Although she had shown this vivacious and curious personality from childhood, not conforming to the prevailing nineteenth-century Italian model of feminine docility (De Giorgio 1988), after her mother’s early death, Carolina de Viti de Marco also experienced the exactions of women’s servitude, subjecting herself to it through her sense of responsibility but without conviction and with private bitterness. She remembered, for example, her services to her brothers when they were on holiday in Casamassella, when she was ‘completely monopolised by their occupations and needs’ (Carolina de Viti de Marco, Annales); she took care of her ageing father until he died and immediately after, cared for her elder sister, a hypochondriac; and with even greater affliction, she remembered consenting, against her wishes, to marry. The husband chosen for her by her brother Antonio, in his role as paterfamilias, was Francesco Starace, a doctor from a powerful shipowning family that exported low-grade olive oil to the USA, and who was politically active in the same party as the de Viti de Marco family. It was not a happy marriage and, as we learn from Caroline’s diaries, her husband’s bad temper sometimes led to violence. Carolina finally freed herself from this subjection to the patriarchal order at the age of sixty, when she secured a divorce, took back her own surname and returned to the castle of Casamassella with her daughter Giulia, administering her property and that of her brother Antonio with foresight and skill for the rest of her long life. She died, still in full command of her faculties, at the age of one hundred and two.

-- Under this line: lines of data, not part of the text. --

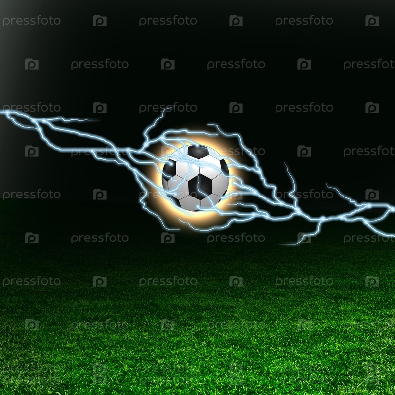 Футбольный мяч с молнии на зеленом поле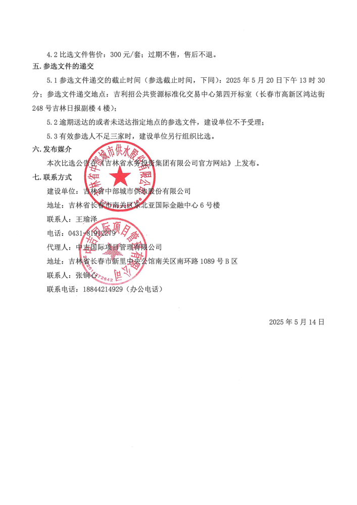 吉林省中部城市引松供水工程长春干线出口新建拦沙闸项目比选公告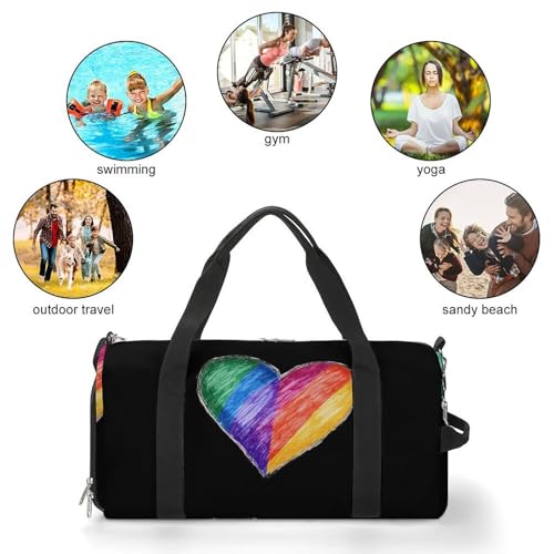 LGBT Rainbow Heart Gym Bag Travel Duffle Bags Carry On Tote Weekender Bag Suitable for Men Women 5
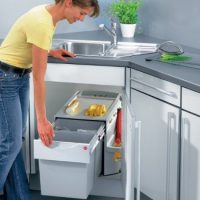 A rectangular corner kitchen cabinet under the standard sink is the most popular option. The design has an internal corner of 90 degrees, it is easy to integrate into any headset. The product is not too functional, has a small capacity, is not always suitable for "complex", intricate interiors.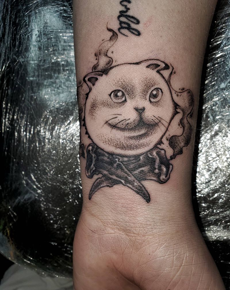 当前位置: 首页 >河南省郑州市纹身店-郑州岁岁刺青纹身图案>猫咪纹身图片_手臂欧美写实遮盖猫暗黑纹身图案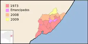 | Município | Legislação | Área (km²)[9] | População (2021)[2] |
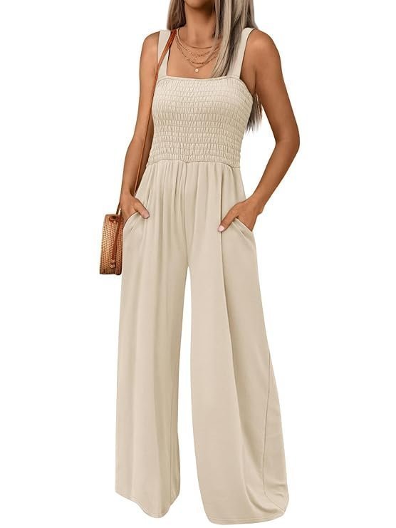- Design: Loose fit overalls for women, fashionable pants,baggy style, v-neck design, sleeveless rompers ,casual summer outfits, with two sides pockets,solid color,standard size,suit for summer vacation, makes you look very chic.This jumpsuit features a stretchy smocked design at the bust and an ultra wide leg silhouette.

Carolina de Viti de Marco was a shy and independent person, and although she was much less in the public eye than her brother and sister-in-law, she nonetheless shared their ideals. While, unlike Etta de Viti de Marco, she was not active in the women’s movement, her commitment to feminism was implicit in her firm belief in women’s values and in a style of female freedom that was private but contagious, which guided her life, both in her personal choices and in the extraordinary network of female relationships that she wove across the dividing lines of class and age. Her house was a magnet for women of diverse social origins and ages, all drawn by her personality and example, and often even taken in by her in times of difficulty. In her diary she writes that one of her favourite laceworkers, five months after her marriage, ‘seeing that things were not going well, came to live with us […] and stayed for two years’ (Carolina de Viti de Marco, Annales). Other co-workers from the school that she had set up (which we discuss below) became faithful companions, sharing their lives with her, accompanying her on her travels and participating in her research and social life. With her daughter Giulia, she created an extended family that included local peasant women, distant relations who had been orphaned at an early age, and young townswomen searching for an alternative model. Among these was the future Latinist Emilia Chirilli who, fascinated by Carolina’s broad culture, spent her adolescence and much of her life in the palace at Casamassella, recording her experiences in her Memoirs and her biography of the young Antonio de Viti de Marco (Chirilli 2010, 2016).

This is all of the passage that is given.